> [Task to carry out] Two lines in the data below mark the range: the one with "Handcrafted wooden Santa" and the one with "Eurowings CRJ900ER D-ACNJ". Return both, along with every line between them, exactly.

━━ Exercise data

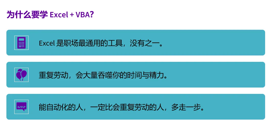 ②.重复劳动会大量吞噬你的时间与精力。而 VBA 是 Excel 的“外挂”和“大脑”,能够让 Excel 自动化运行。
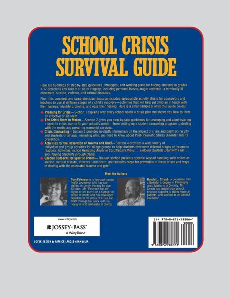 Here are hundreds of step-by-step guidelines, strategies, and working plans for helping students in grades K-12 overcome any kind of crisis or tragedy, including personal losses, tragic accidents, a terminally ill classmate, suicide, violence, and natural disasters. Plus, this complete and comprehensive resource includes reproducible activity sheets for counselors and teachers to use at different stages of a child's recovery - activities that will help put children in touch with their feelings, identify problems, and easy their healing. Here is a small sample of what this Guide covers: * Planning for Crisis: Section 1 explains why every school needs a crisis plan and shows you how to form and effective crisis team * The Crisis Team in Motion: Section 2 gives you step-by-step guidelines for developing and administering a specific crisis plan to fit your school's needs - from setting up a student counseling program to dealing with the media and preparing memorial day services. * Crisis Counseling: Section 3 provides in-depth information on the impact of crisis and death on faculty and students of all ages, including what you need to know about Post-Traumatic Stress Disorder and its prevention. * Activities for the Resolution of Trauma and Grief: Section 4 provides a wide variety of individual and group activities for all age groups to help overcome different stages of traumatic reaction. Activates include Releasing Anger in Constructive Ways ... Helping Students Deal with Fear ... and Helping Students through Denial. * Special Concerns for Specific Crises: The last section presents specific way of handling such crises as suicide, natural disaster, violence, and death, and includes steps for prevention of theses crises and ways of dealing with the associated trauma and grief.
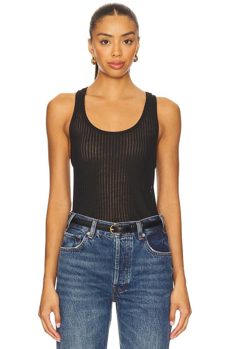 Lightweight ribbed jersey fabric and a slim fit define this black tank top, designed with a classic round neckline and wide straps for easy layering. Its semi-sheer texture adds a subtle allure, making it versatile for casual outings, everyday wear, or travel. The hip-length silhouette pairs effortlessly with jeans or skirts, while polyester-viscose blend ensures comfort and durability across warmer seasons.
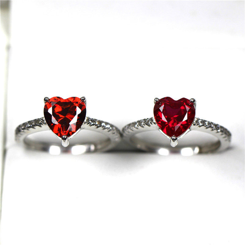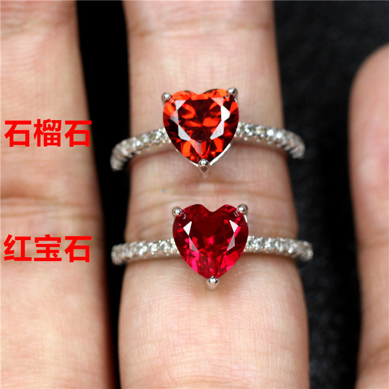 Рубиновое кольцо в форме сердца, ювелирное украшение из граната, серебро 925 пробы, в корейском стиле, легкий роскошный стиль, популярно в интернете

━━━━
━━ Exercise data

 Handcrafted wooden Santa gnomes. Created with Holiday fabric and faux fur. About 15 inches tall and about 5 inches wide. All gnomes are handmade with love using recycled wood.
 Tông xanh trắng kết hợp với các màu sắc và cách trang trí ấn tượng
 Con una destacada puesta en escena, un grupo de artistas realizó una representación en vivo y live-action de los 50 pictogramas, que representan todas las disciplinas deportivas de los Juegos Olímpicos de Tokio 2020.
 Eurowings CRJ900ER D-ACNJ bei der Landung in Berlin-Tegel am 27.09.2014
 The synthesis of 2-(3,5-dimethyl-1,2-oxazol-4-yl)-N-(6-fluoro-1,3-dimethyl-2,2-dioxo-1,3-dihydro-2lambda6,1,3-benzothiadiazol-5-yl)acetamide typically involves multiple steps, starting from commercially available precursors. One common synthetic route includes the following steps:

━━━━
━━ Exercise data

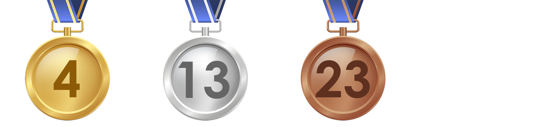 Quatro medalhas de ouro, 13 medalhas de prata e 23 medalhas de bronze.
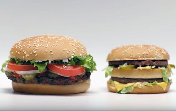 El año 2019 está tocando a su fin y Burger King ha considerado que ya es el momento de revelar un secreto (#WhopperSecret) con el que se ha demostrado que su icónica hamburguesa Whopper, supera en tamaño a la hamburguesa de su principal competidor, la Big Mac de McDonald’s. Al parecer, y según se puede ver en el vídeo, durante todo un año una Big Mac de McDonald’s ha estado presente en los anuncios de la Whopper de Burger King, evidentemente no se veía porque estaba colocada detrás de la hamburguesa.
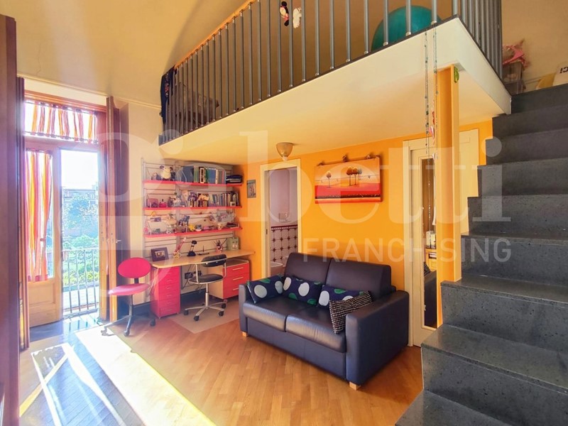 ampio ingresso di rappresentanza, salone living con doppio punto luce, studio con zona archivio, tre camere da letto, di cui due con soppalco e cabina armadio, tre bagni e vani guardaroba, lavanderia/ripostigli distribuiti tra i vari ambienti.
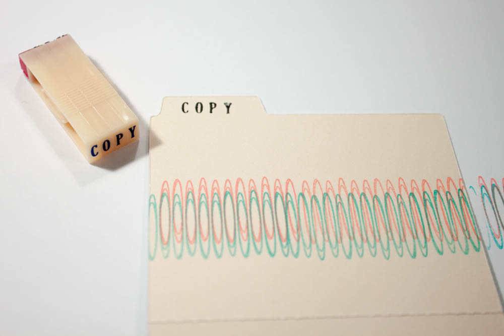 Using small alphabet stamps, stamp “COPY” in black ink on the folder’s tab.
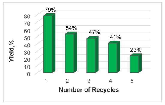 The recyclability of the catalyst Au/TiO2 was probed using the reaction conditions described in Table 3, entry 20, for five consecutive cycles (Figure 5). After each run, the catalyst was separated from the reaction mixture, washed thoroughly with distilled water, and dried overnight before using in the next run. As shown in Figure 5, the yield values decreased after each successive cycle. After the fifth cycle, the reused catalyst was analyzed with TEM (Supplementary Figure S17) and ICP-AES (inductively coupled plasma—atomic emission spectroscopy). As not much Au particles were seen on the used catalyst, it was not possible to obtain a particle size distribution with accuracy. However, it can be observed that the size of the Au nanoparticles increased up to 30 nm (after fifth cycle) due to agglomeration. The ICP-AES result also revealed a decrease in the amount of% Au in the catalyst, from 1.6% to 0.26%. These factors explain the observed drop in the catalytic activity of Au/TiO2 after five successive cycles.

━━━━

> [Solution below]
 Handcrafted wooden Santa gnomes. Created with Holiday fabric and faux fur. About 15 inches tall and about 5 inches wide. All gnomes are handmade with love using recycled wood.
 Tông xanh trắng kết hợp với các màu sắc và cách trang trí ấn tượng
 Con una destacada puesta en escena, un grupo de artistas realizó una representación en vivo y live-action de los 50 pictogramas, que representan todas las disciplinas deportivas de los Juegos Olímpicos de Tokio 2020.
 Eurowings CRJ900ER D-ACNJ bei der Landung in Berlin-Tegel am 27.09.2014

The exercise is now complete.